The campaign so far has an ad recall and awareness lift of more than 5% and a led to a conversion lift of 14.5%, but Yong says the real test will be in this peak travel season when they’re hoping the mid-year content translates into a greater curve in Q4. 

Even gaming apps which traditionally have relied on performance marketing have begun to see the need for more full-funnel approaches to grow demand. Chris Liu, head of business development and partnerships at Vietnamese gaming firm VNG Games explained how their effort to bring younger audiences to one of their older games, Metal Slug, involved pre-launch registrations, new creative videos as well challenges for the community to create better video content. At the same time, it pushed existing user-generated content about the game on TikTok to others. In the end, it ultimatelyy beat its install targets but also exceeded on engagement levels on the way through the funnel to that result.  

“You really have to consider that mid-to-upper funnel, because without that you’re not unleashing the platform to its full potential,” Liu said.  

The battle for attention

Beyond acquiring and retaining new customers, a key part of TikTok’s pitch to app marketers was to address some of their other challenges, like fragmented attention.  With today’s users using multiple apps in a single session, it’s hard for apps to cut through the clutter.  

Indeed, as VNG’s Liu lamented, apps like TikTok compete for the attention of gamers and pull their eyeballs away from playing games. Looking deeper into it, Liu and his team saw how younger generations like to do two or three things at once. “Time and experience is a very different focus for them,” Liu said. This led VNG to look at their business in a new way, with younger gamers preferring more casual games that don’t take a lot of time and money, but can be played while multitasking.  
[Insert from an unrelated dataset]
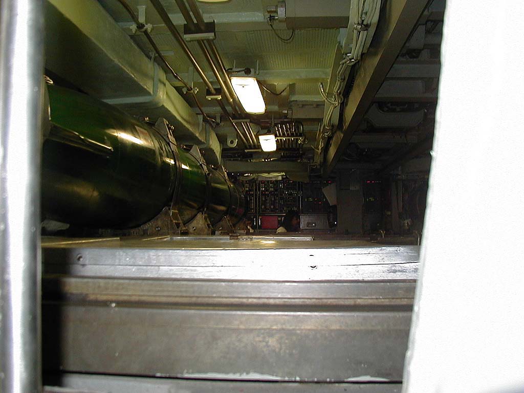 ![]() | 112k | Looking aft. The apparatus in the floor and ceiling is part of a cradle system they use to load torpedoes on board. | USN photo & text courtesy of usspasadena.org. & submitted by Bill Gonyo. | |

“Now we realise our traditional marketing practices are not having the same effect anymore,” said Liu. “We need to actually engage with users, capture their hearts and feelings and help them engage with each other also.” Hence, their proclivity for a platform that lets people create their own content and share with one another.  

Ultimately, TikTok’s pitch to app marketers on the problem of attention is that they have higher engagement levels compared to other platforms in SEA, according to SensorTower data.  Its message, in effect, is ‘if you can’t beat us, join us.’  

Authenticity vs calculation

Joining TikTok, however, requires excelling at authentic content, something that app marketers can struggle with as much as traditional marketers. Rolla says this is still the most consistent theme that marketers across all verticals raise with him, “and it’s absolutely the right question to ask because as a brand you want to blend into that user-generated content as seamlessly as possible.”  

Nikhil Rolla, GM Malaysia & SEA head of strategic accounts, TikTok

And herein lies the conundrum.  Marketers are trained to think strategically, to research their target audience, look at the data, map out a full-funnel strategy and utilise the platform tools effectively. It’s generally the right approach, but doing the right thing can also lead to doing the wrong thing.  

While Liu advocates methodically signaling to users and testing everything, one of the biggest differences they saw in their marketing was when they changed those who ran their TikTok videos from people in their 30s to those in their 20s.  
 
“I think it's really important that when you're making these TikTok videos, you're not going in there with a mind of people like us business guys who's like, how can I get the most users? How can I get the most views? How can I get the best ROI?” Liu said.  

“You want a young person saying: ‘Hey, I want to make a cool video. I want to engage with my friends. I want to engage with people like me who love this content. Then you will get your views.”